Minify HTML

When you are looking for the ways to optimize the rendering of documents into HTML, one of the solutions you might want to use is the compression of the output content (HTML, CSS, and SVG). This solution is suitable in case you are providing your content from the web server over the internet. The lower the content user has to download, the faster he will see the rendered document.

The Solution

GroupDocs.Viewer provides a new setMinify() property of the HtmlViewOptions class, that lets you get output content minified. Minification removes comments, extra white-spaces, and other unneeded characters without breaking the content structure. As a result, the page becomes smaller in size and loads faster. The following example demonstrates how to minify output content when rendering MS Word document into HTML.

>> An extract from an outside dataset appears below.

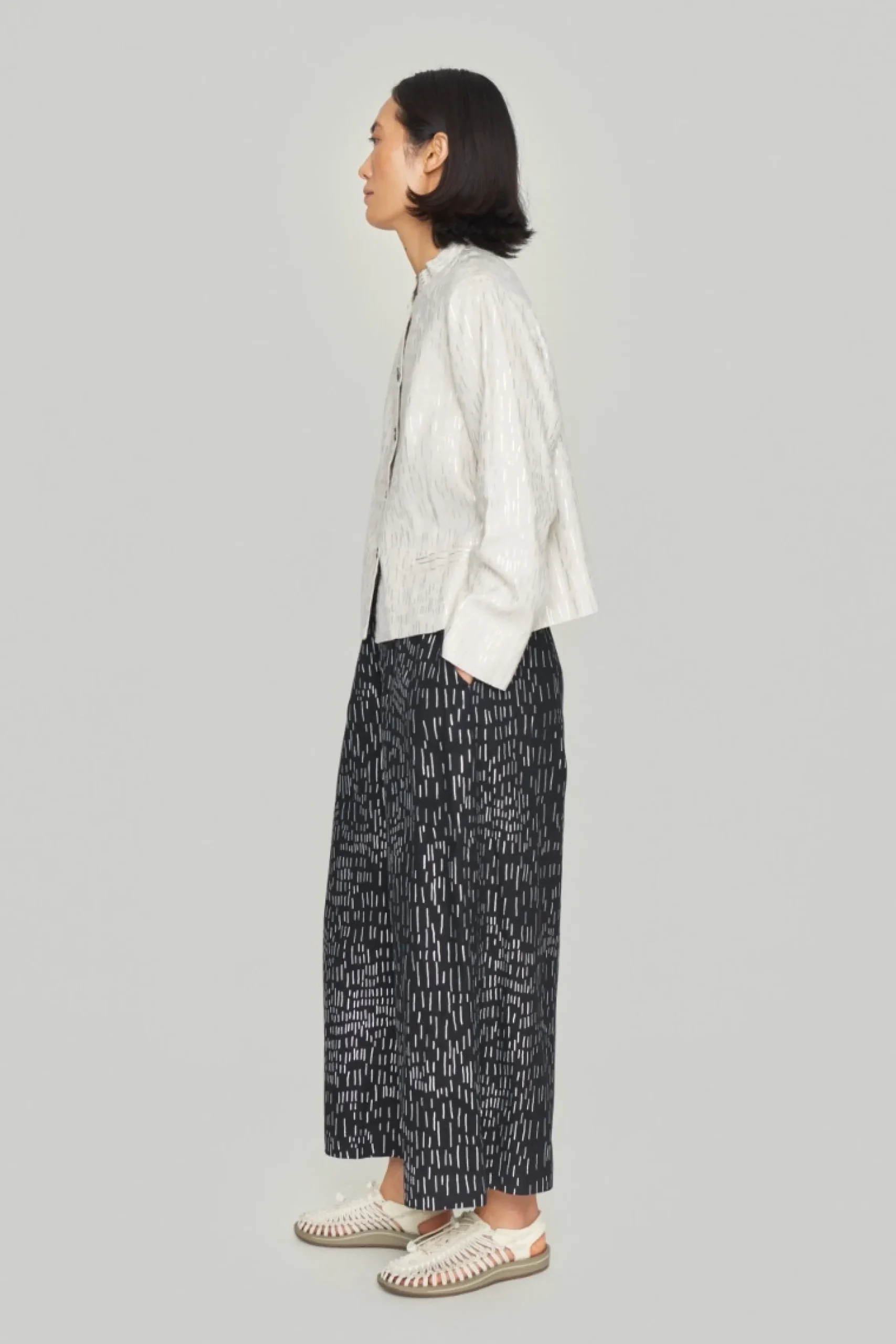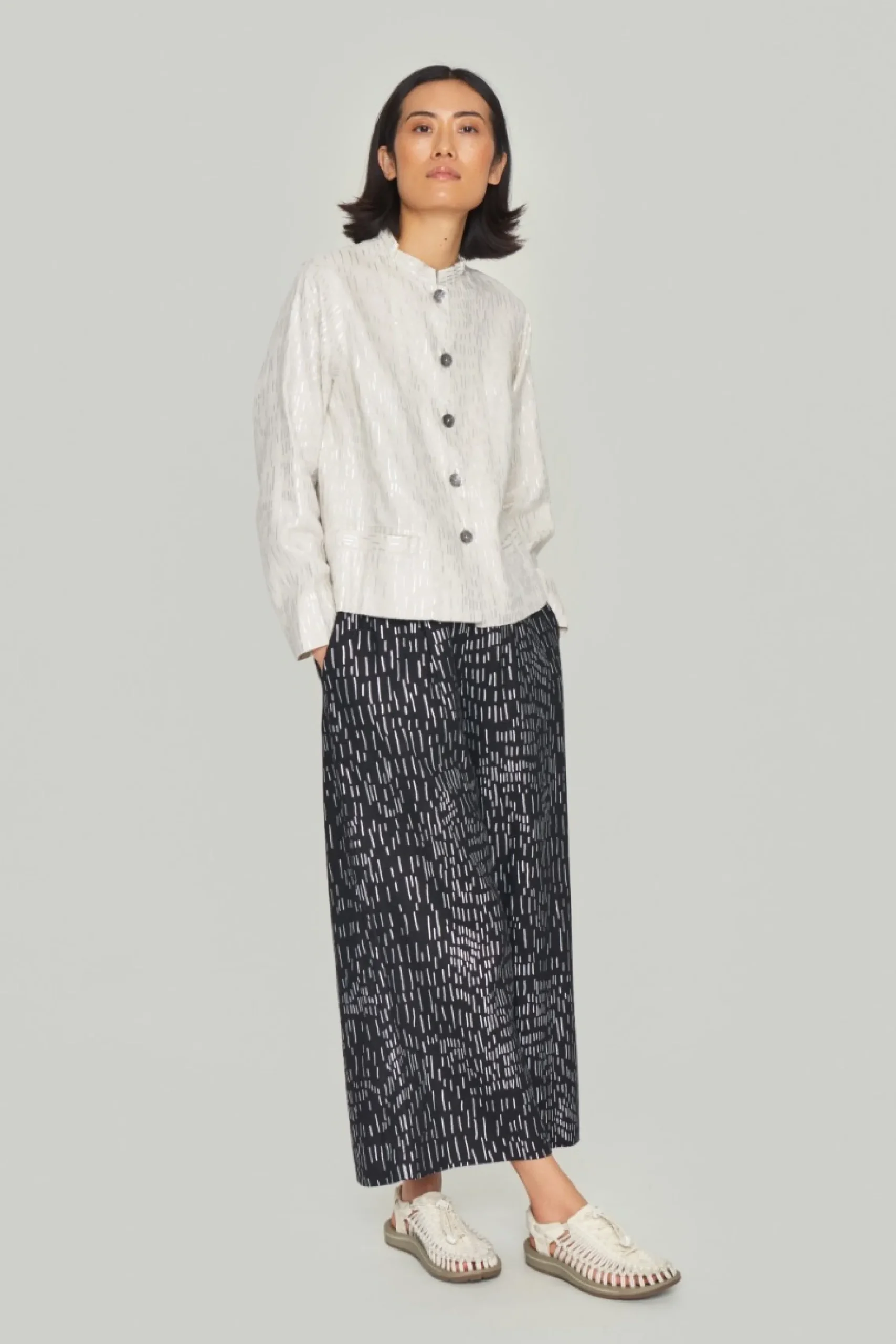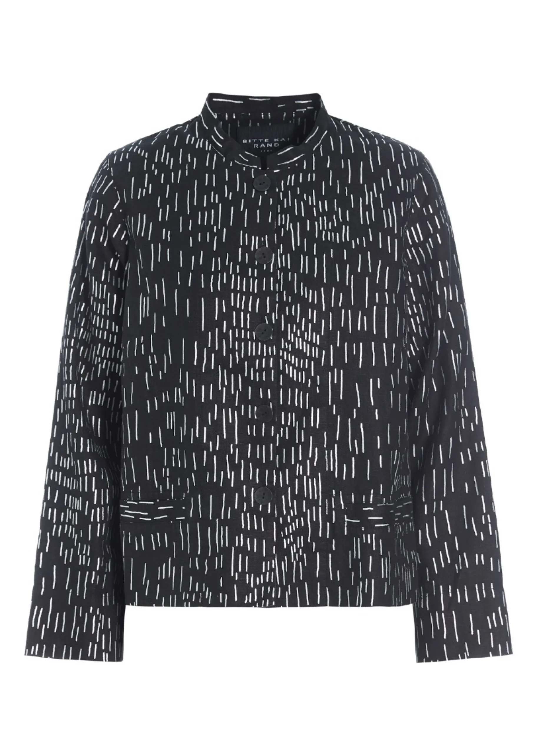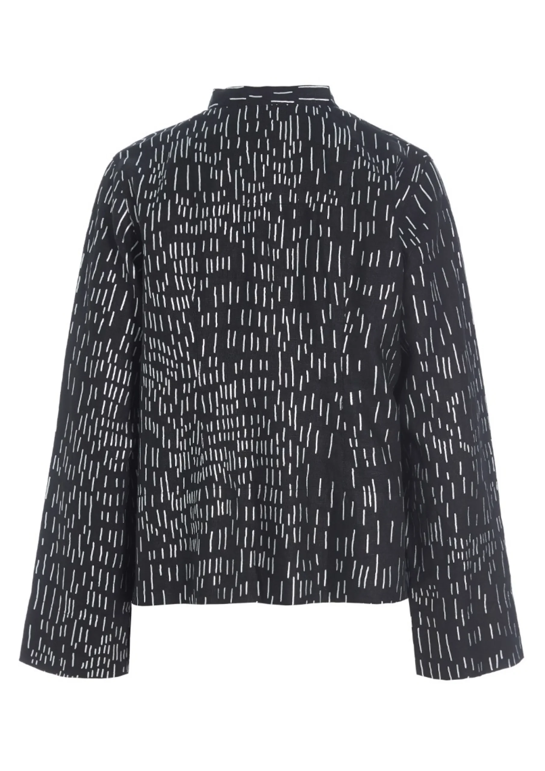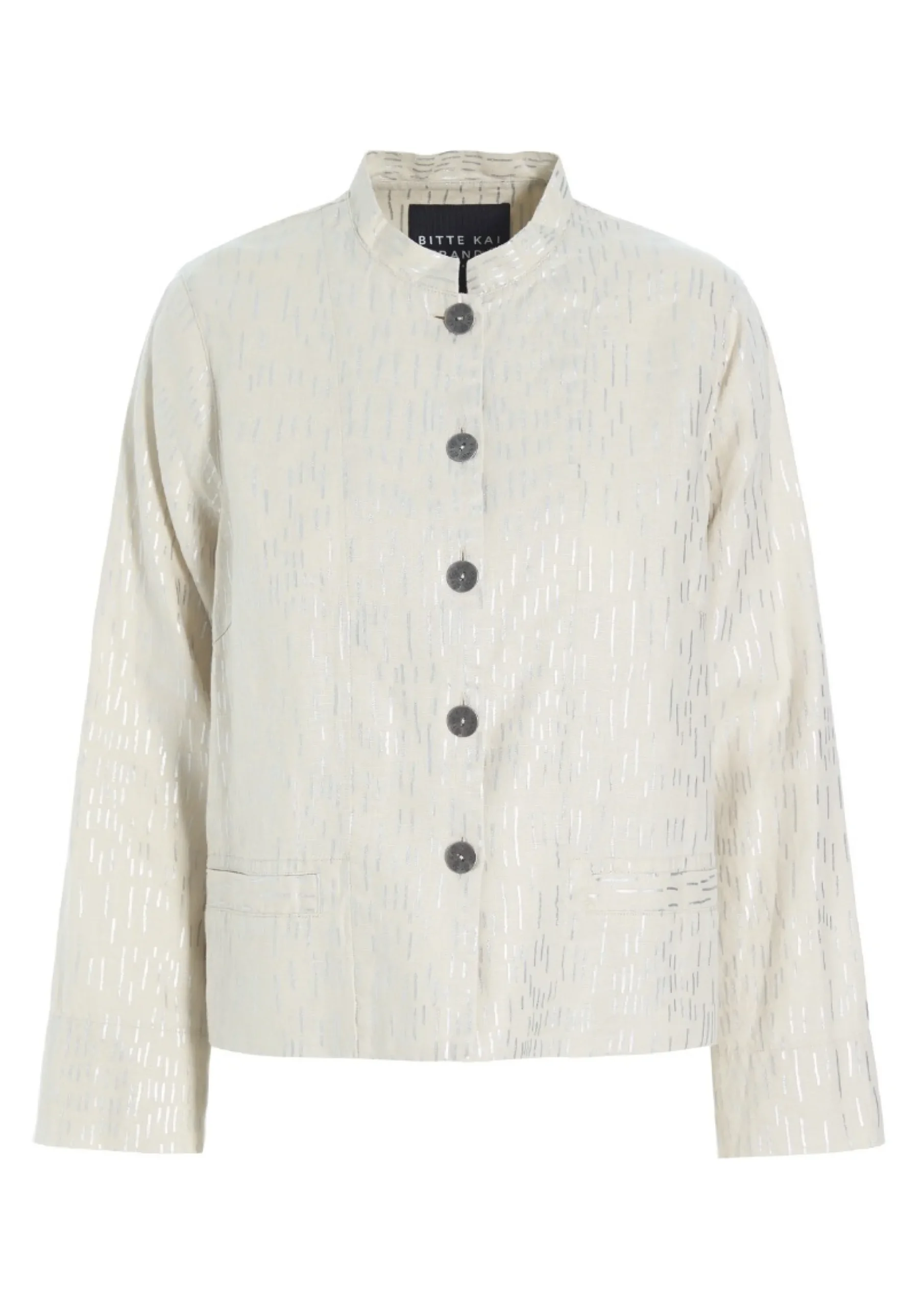 Denne super enkle og velsiddende jakke er forsynet med et metallisk mønster, som giver den et cool, grafisk udtryk. Opgrader dit hverdagslook ved at kombinere jakken med et par jeans, eller skab et elegant sæt med de matchende Silver Stick bukser.Modellen på billede er 178 cm og iført str. SFuld længde i str. S, ca. 59 cm.

The following code sample shows how to enable minification.

try (Viewer viewer = new Viewer("sample.docx");
    HtmlViewOptions viewOptions = HtmlViewOptions.forEmbeddedResources();
This setting will not compress the content as significantly as this might be achieved using Gzip compression (that should be enabled and configured from your webserver). But it still might be valuable and can be used as additional optimization in combination with Gzip compression.

Details Behind Minification

The process of minification almost in all cases provides the output that looks identically with original content in all browsers, but minified HTML content does not pass strict HTML validation. Here is the list of technics that lay behind the minification process.

HTML Minification

  • Comments (except when they contain IE conditional statements) are completely removed
  • Conditional comments are compressed
  • Spaces and line breaks inside the tags and between the tags are removed
  • Document type declaration is simplified to <!DOCTYPE html> and all HTML tag properties are removed
  • Protocol declarations like http:, https: and javascript: are removed from path values
  • Multiple spaces between words (except when they occur inside the pre or textarea tag) are replaced with single space
  • Quotes around tag property values (except inline events) are removed
  • Default attributes for “script”, “style” and “link” tags are removed
  • Boolean attributes are simplified, therefore <input type="text" disabled="disabled"> becomes <input type=text disabled>

CSS Minification

The embedded CSS content is minified when the setMinify() setting is on.

  • Remove all insignificant white-space.
  • Remove all comments.
  • Remove all unnecessary semicolon separators.
  • Reduce color values.
  • Reduce integer representations by removing leading and trailing zeros.
  • Remove unit specifiers from numeric zero values.